Kathmandu shuts airport to big jets

Runway damage forced Nepalese authorities to close the main airport yesterday to large aircraft delivering aid to millions of people following the massive earthquake, but UN officials said the overall logistics situation was improving.

The death toll climbed to 7,250, including six foreigners and 45 Nepalese found over the weekend on a popular trekking route, said government administrator Gautam Rimal.

Nepal’s tourist police said 57 foreigners were killed in the April 25 quake, and 109 are still missing, including 12 Russians and nine Americans.

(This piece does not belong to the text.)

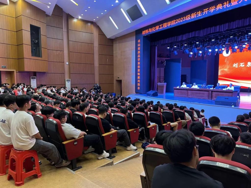 在庄严热烈的国歌声中,刘石泉院长作了热情洋溢的致辞,向2023级新同学到来表示热烈的欢迎和衷心祝贺,对新生提出两点希望:一是要以修品为魂,做一个德行高尚的人;二是要以修学为本,做一个知行合一的人,希望新同学们在学院的舞台上锻炼自己、超越自己。老生代表吴姿励分享了自己四年的学习生活经历,祝愿新同学们能够在学院大家庭里以青春之我,创青春之未来!新生代表佘宗睿表示,会牢记“品学兼修、知行统一”的校训,发扬和谐上进的材化精神,四年后成为更加优秀的自己!
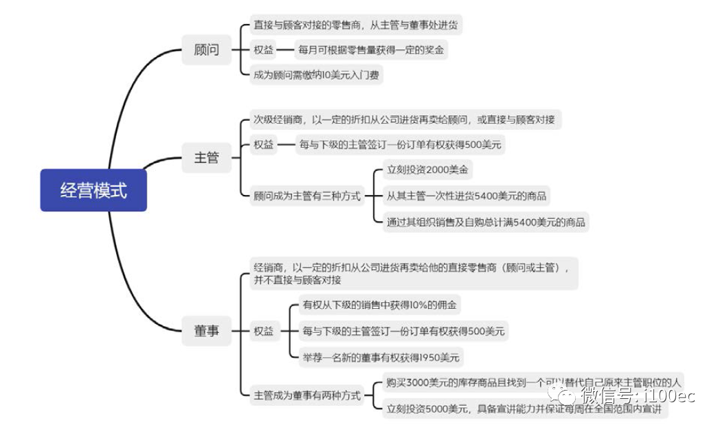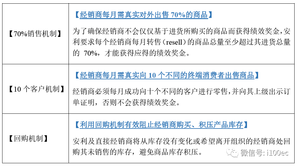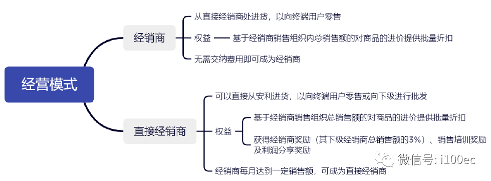 安利案确定了多层级直销组织不构成传销的豁免判断标准。众所周知安利是一家制造、分销及销售清洁、个人护理产品以及食品补充剂等产品的公司,拥有超过300,000 家独立经销商直接向消费者进行挨家挨户的销售。具体运营方式如下图所示:

The main runway was temporarily closed to big planes because of damage. It was built to handle only medium-size jetliners, but not the large military and cargo planes that have been flying in aid supplies, food, medicines, and rescue and humanitarian workers, said Birendra Shrestha, manager of Tribhuwan International Airport outside Kathmandu.

There have been reports of cracks on the runway and other problems at the only airport capable of handling jetliners. “You’ve got one runway, and you’ve got limited handling facilities, and you’ve got the ongoing commercial flights,” said Jamie McGoldrick, the UN co-ordinator for Nepal.

“You put on top of that massive relief items coming in, the search and rescue teams that has clogged up this airport. And I think once they put better systems in place, I think that will get better.”

He said that the aid delivery bottlenecks were slowly disappearing, and the Nepalese government eased customs and other bureaucratic hurdles on humanitarian aid after UN complaints.

The UN says the quake affected 8.1 million people —more than a quarter of Nepal’s 28m people.